Dr. Schultz and his team analyzed the immune cells in samples of donor cells destined for transplants in adult cancer patients at 13 centres in Canada, Saudi Arabia, Australia New Zealand and the United States. Researchers then followed the patients who received the transplants for two years and compared the immune profiles of the donors to the health outcomes of the recipients.

“For the first time we found that patients who receive transplants with higher numbers of two very specific types of immune cells are less likely to develop cGvHD,” says Dr. Amina Kariminia, Lab Manager of the Schultz Lab and the first author of the study.

CGvHD occurs when immune cells from the donor attack the recipient’s body, causing a range of serious symptoms including painful rashes, gastrointestinal distress and liver damage. This research focuses on the chronic form of graft-versus-host disease, which develops 100 days or more after a transplant and is less often fatal than the acute form of the disease, but more difficult to prevent.
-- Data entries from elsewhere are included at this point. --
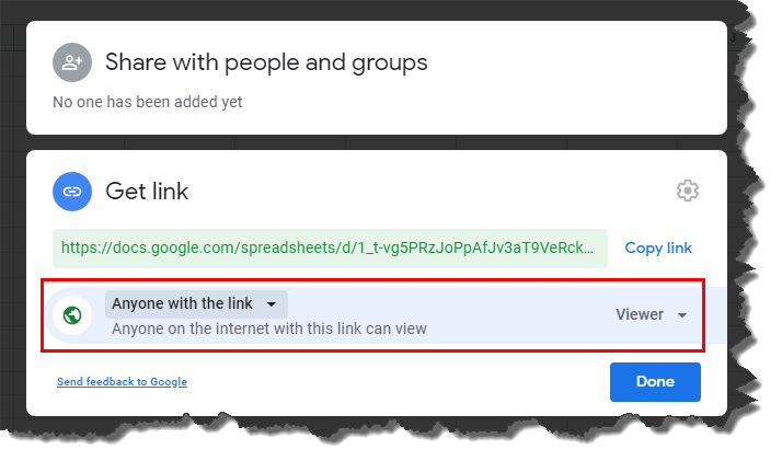 You will be presented with the following pop-up; under 'Get link' choose 'Anyone with link', then click 'Copy link'.
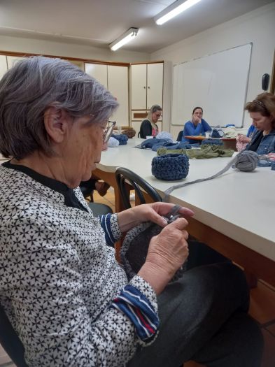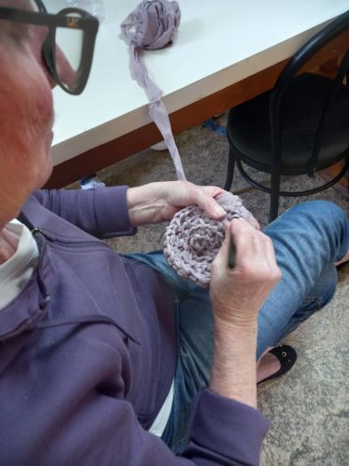 “As oficinas oportunizam ao participante aprender a trama (técnica de crochê) através do aproveitamento de resíduo têxtil da região. Os encontros têm foco no trabalho manual para desenvolver e tramar objetos utilitários carregados de aspectos culturais e sustentáveis” relata Monica.
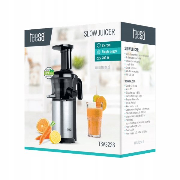 Lubisz zaczynać dzień od dawki witamin? Z pewnością pokochasz nową wyciskarkę wolnoobrotową Teesa do warzyw i owoców. Urządzenie jest wolne od BPA – to znaczy, że zostało wyprodukowane bez użycia materiałów zawierających bisfenol, co jest szczególnie ważne dla walorów zdrowotnych wyciskanego soku. Pionowa konstrukcja oraz obudowa ze stali nierdzewnej sprawiają, że wyciskarka nie zajmuje wiele miejsca na blacie i doskonale współgra z wyposażeniem nowoczesnej kuchni.
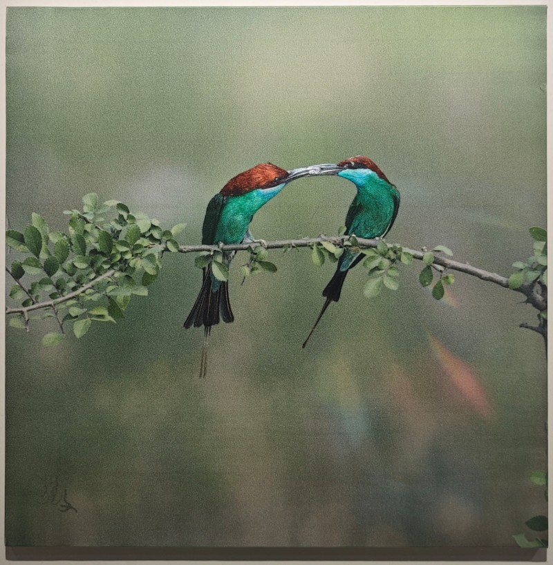 展出的作品形式多样、构思巧妙,其中四幅尤为引人注目:《水韵诗境》印于真丝之上,以显微摄影展现流水的纹理之美,引人遐想时光与流水交织的意境;一幅描绘青西郊野公园的作品,水杉倒映清溪,空灵静谧;《双禽相嬉》同样印于真丝,并辅以苏绣技艺,翠鸟振翅、双禽相戏的姿态灵动翩跹,自然生机呼之欲出。
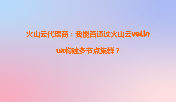 火山云代理商:我能否通过火山云veLinux构建多节点集群?
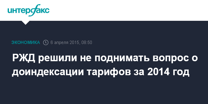 Москва. 6 апреля. INTERFAX.RU - ОАО "РЖД" не планирует поднимать вопрос о доиндексации тарифов за 2014 год, сообщил "Интерфаксу" первый вице-президент ОАО "РЖД" Вадим Морозов.
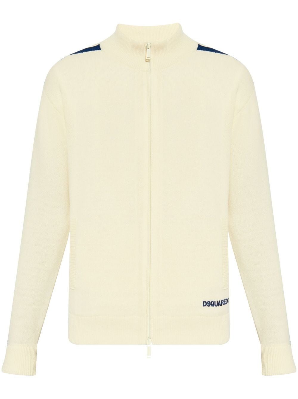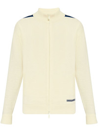 zip-up sweatshirt Highlights - Light beige - Wool blend - Embroidered logo - Ribbed detailing - Side stripe detailing - High neck - Front zip fastening - Two side slash pockets Made in Italy Composition Wool 97%, Viscose 2%, Polyester 1% SIZE & FIT FittingInformation Designed for a relaxed fit, this piece allows for comfort and movement when worn The ribbed hem offers a close, comfortable fit Made with a midweight knit, this piece offers some stretch
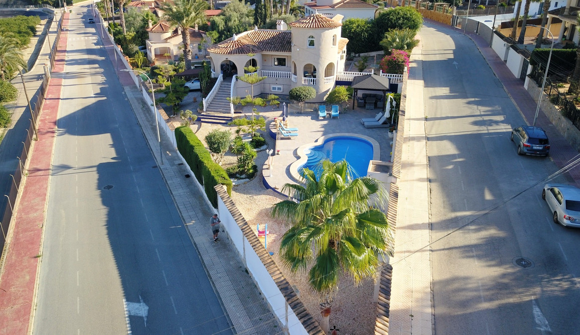 This Remarkable, West Facing, Corner, Five Bedroom Detached Villa in Lomas de La Juliana is located in a prominent position on the Costa Blanca South, under the area of Almoradi but closer to and conveniently situated between Algorfa village and the prestigious La Finca Golf, Hotel & Spa Resort. With a tennis club just at the top of the road and main brand amenities only a few minutes’ drive away, the blue flag beaches of Guardamar del Segura are also just 15 minutes away! This incredible property spans an impressive 375m² build size on a stunning 1,149m² plot, offering panoramic views of the countryside, citrus groves, mountains, and sunsets. The main villa has been fully updated and modernized, retaining its character and charm, and includes three bedrooms and three bathrooms. Upon entering, the hallway leads to an open-plan, fully fitted kitchen with a breakfast bar, a spacious family-sized living room with a cozy log-burning fireplace, and direct access to the large front covered terrace, perfect for appreciating the breathtaking views. There’s also a dining room with rear garden access, a shower room, and two bedrooms on the ground floor, one with an en-suite bath and shower. The upper-level master bedroom features a walk-through wardrobe, dressing table, and an en-suite shower room. The separate annex, located in the under-build, provides two additional bedrooms and a bathroom, accessed via the double garage or independently from the rear. This space includes a separate kitchen and dining area, a large bedroom with a living area and office, plus an en-suite shower. The garage is currently used as a games room with a pool table, ping pong, utility space, and an adjoining storeroom. Outside, the gravelled and tiled garden features an updated private swimming pool, a BBQ area, a small putting green, and ample space for outdoor dining and entertaining. Additional highlights include a carport, off-road parking, oil central heating, air conditioning throughout, ceiling fans, fitted wardrobes in the main villa, and dual entrances from different roads. This is an extraordinary opportunity to own a substantial and versatile property with fantastic views in an enviable location!

Researchers found that these helpful cells are types of natural killer cells, immune cells that can play a key role in attacking cancer. This research shows that these cells have two functions in patients who receive blood and marrow transplants for cancer – they both attack and kill cancer cells and regulate the immune system so it doesn’t harm healthy tissue.

With the help of Madeline Lauener, a research summer student and blood cancer survivor, researchers in the Schultz lab found that these helpful immune cells can easily be grown in the lab. Eventually, scientists may be able to take donated blood stem cells, increase the number of immune cells in the lab, and then transplant them back into patients.

“In blood and marrow transplants for cancer patients, we need to strike a fine balance,” says Dr. Kariminia. “We need the immune cells from the donor to recognize and kill cancer cells, but not attack healthy tissue in the donor. The cells we found in this study may help us achieve this balance, so bone and marrow transplants can continue to cure cancer, without causing disease.”

This research could also help children who receive blood and marrow transplants for inherited immune conditions.

“In cancer patients, cGvHD can have some beneficial effects because the immune response also kills cancer cells,” says Dr. Schultz. “In children with inherited conditions, cGvHD is even more devastating because it has no therapeutic advantage.”

Dr. Schultz and his colleagues hope their work is an important step towards reducing the heavy toll cGvHD takes on children and families.

“These children have gone through long and difficult treatments and survived cancer, only to develop another life-altering illness,” says Dr. Schultz. “We want to prevent cGvHD, so more of our patients can recover completely and get back to being kids.”